De Frias João Miguel, Bhatti Sofie F M, Nye George, Gonçalves Rita, Harcourt-Brown Tom, Fadda Angela, Marioni-Henry Katia, Padley Hannah, De Decker Steven
Department of Clinical Science and Services, Royal Veterinary College, University of London, London, UK.
The Royal (Dick) School of Veterinary Studies Hospital for Small Animals, University of Edinburgh, Midlothian, UK.
J Vet Intern Med. 2025 Jan-Feb;39(1):e17294. doi: 10.1111/jvim.17294.

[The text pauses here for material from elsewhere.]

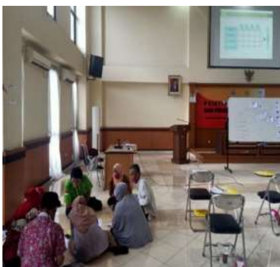
Gambar 2. Bedah Kasus dan Latihan Pemecahan Masalah

Materi inti yang disampaikan adalah sebagai berikut:

Spinal arachnoid diverticulum (SAD) is considered a rare disease in cats. Previous reports mainly classified SAD in cats as acquired.

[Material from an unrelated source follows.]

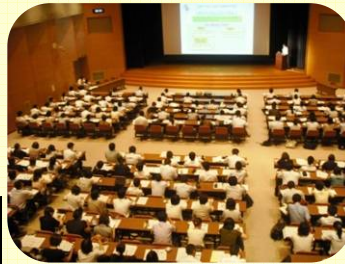
共通研修 【教育政策の動向】 大原台講堂

HYPOTHESIS/OBJECTIVES: The aim of this study was to describe the signalment, clinical presentation, diagnostic imaging findings, and outcome in a group of cats with SAD.

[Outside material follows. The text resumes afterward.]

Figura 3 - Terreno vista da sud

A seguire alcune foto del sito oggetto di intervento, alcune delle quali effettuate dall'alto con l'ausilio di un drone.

Twenty-one client-owned cats.
Multicenter observational retrospective review of the medical records of cats diagnosed with SAD by magnetic resonance imaging.
Most cats were Domestic Short Hair (67%), male (63%), and had a wide range of ages (18 weeks to 13 years old). Neuroanatomical localization was consistent with a T3-L3 myelopathy in 18 cats (86%) and C1-C5 myelopathy in 3 cats (14%). One cat with a C1-C5 myelopathy demonstrated bilateral vestibular clinical signs. One cat (5%) had fecal incontinence. Most cats demonstrated a chronic, progressive, nonlateralized, nonpainful myelopathy. No underlying previous or concurrent spinal condition was found in 48% of the cats. No difference in age, body weight, breed, sex, treatment, or outcome was found between cats with or without a concurrent spinal disorder. One cat was euthanized after diagnosis. Six cats improved, 1 deteriorated and 1 remained static after surgery, whereas 3 cats improved, 5 deteriorated and 4 remained static after medical management on the short-term outcome. Overall, 73% (8/11) of the cats deteriorated on available long-term follow-up information.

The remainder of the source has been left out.